↓↓↓

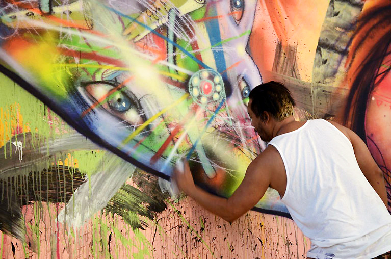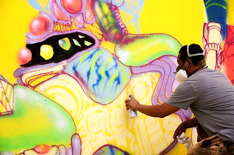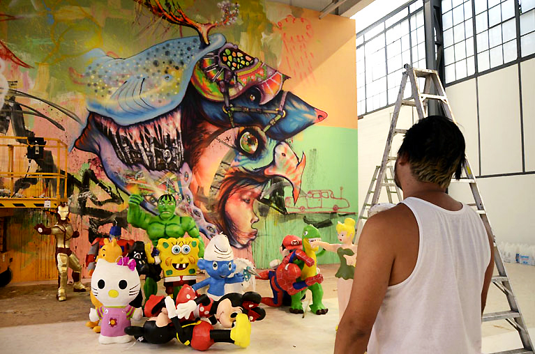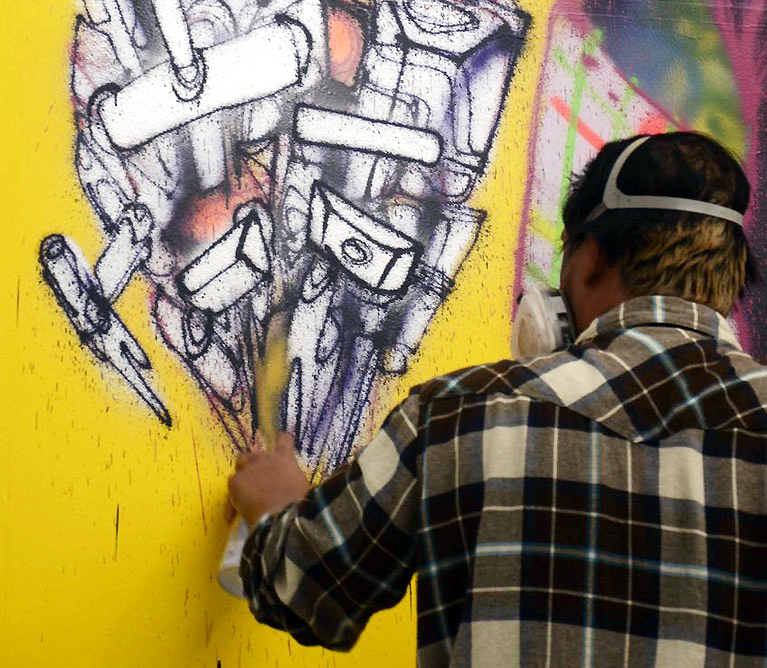 “Todo esto está plasmado en mi trabajo: murales, esculturas, acuarelas, aceite; una mezcla de distintos medios de comunicación. Si tienen suerte y ya estoy muy ebrio de mezcal, tal vez haga algo de performance, también. ¡Es un honor, para mí, mostrar mi trabajo en uno de mis lugares favoritos en el mundo, la Ciudad de México! (Me estoy comiendo un taco de vísceras y escribo esto con una sola mano, en este momento) Si estás en la ciudad el sábado, 17 de agosto de 2013, ven y échale un ojo a la exposición en el Museo Universitario del Chopo. Voy a hacer que valga la pena la visita”, promete.
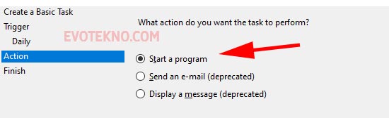 - Action, pilih “Start a program“
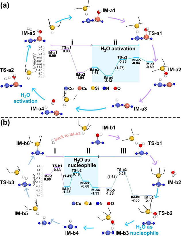 图3. (a) CuCo-DAC和 (b) Co-SAC上硅烷氧化的反应路径和反应能垒
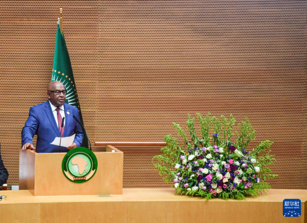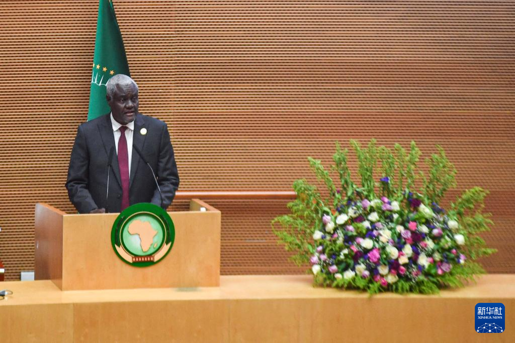 2月17日,在埃塞俄比亚首都亚的斯亚贝巴,非盟委员会主席法基在开幕式上发言。(图片来源:新华社)

↑↑↑

**About this task:** Once you have returned the line containing "- Action, pilih", stop; begin at the first line of the material, keep each line exact, and skip the pictures.

**Solution for this problem:**
 “Todo esto está plasmado en mi trabajo: murales, esculturas, acuarelas, aceite; una mezcla de distintos medios de comunicación. Si tienen suerte y ya estoy muy ebrio de mezcal, tal vez haga algo de performance, también. ¡Es un honor, para mí, mostrar mi trabajo en uno de mis lugares favoritos en el mundo, la Ciudad de México! (Me estoy comiendo un taco de vísceras y escribo esto con una sola mano, en este momento) Si estás en la ciudad el sábado, 17 de agosto de 2013, ven y échale un ojo a la exposición en el Museo Universitario del Chopo. Voy a hacer que valga la pena la visita”, promete.
 - Action, pilih “Start a program“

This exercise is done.